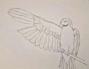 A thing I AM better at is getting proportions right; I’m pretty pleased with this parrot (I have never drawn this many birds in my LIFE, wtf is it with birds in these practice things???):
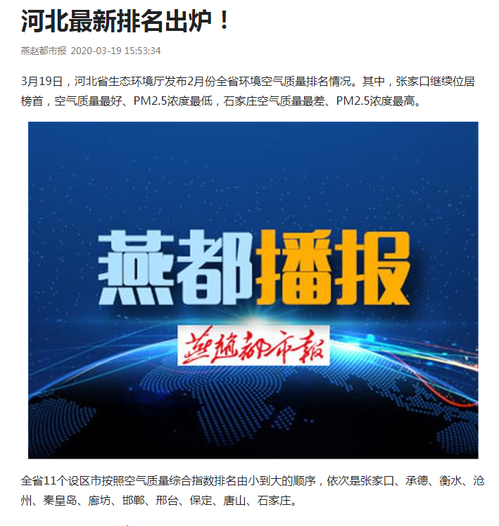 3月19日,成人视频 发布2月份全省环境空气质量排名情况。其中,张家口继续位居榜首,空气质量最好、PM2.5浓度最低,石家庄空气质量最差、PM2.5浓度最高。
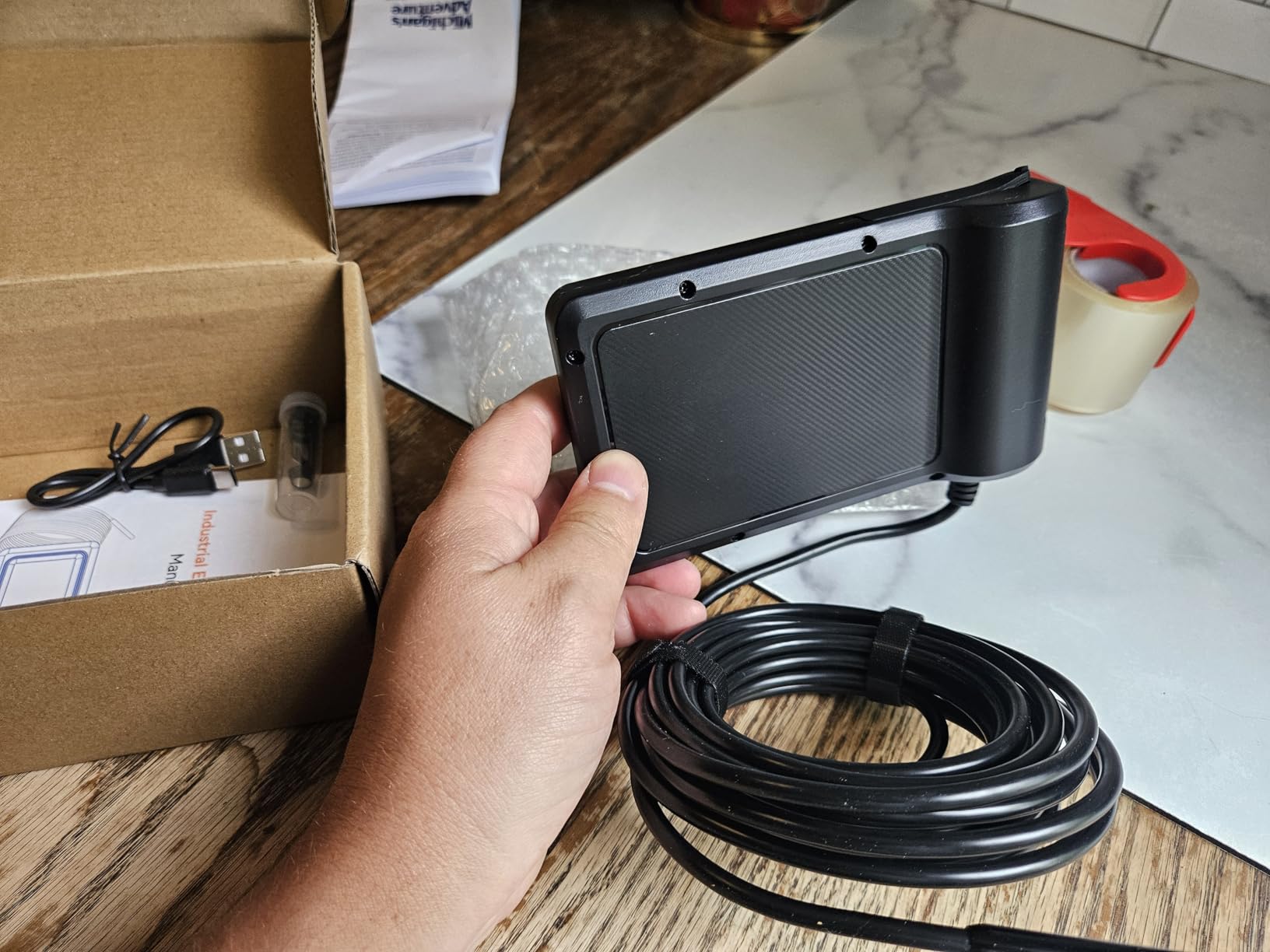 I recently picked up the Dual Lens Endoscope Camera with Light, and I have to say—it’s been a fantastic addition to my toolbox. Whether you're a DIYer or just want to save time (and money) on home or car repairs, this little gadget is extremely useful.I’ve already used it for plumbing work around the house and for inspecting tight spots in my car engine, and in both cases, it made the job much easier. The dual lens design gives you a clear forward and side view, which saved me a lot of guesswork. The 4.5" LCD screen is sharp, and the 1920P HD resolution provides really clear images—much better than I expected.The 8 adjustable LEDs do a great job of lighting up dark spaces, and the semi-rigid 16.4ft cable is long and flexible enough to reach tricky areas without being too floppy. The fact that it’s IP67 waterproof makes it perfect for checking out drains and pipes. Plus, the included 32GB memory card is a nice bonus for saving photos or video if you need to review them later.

**Work task:** Where pictures sit among the data above, omit them, and output the rest exactly.

**Completed exercise:**
 A thing I AM better at is getting proportions right; I’m pretty pleased with this parrot (I have never drawn this many birds in my LIFE, wtf is it with birds in these practice things???):
 3月19日,成人视频 发布2月份全省环境空气质量排名情况。其中,张家口继续位居榜首,空气质量最好、PM2.5浓度最低,石家庄空气质量最差、PM2.5浓度最高。
 I recently picked up the Dual Lens Endoscope Camera with Light, and I have to say—it’s been a fantastic addition to my toolbox. Whether you're a DIYer or just want to save time (and money) on home or car repairs, this little gadget is extremely useful.I’ve already used it for plumbing work around the house and for inspecting tight spots in my car engine, and in both cases, it made the job much easier. The dual lens design gives you a clear forward and side view, which saved me a lot of guesswork. The 4.5" LCD screen is sharp, and the 1920P HD resolution provides really clear images—much better than I expected.The 8 adjustable LEDs do a great job of lighting up dark spaces, and the semi-rigid 16.4ft cable is long and flexible enough to reach tricky areas without being too floppy. The fact that it’s IP67 waterproof makes it perfect for checking out drains and pipes. Plus, the included 32GB memory card is a nice bonus for saving photos or video if you need to review them later.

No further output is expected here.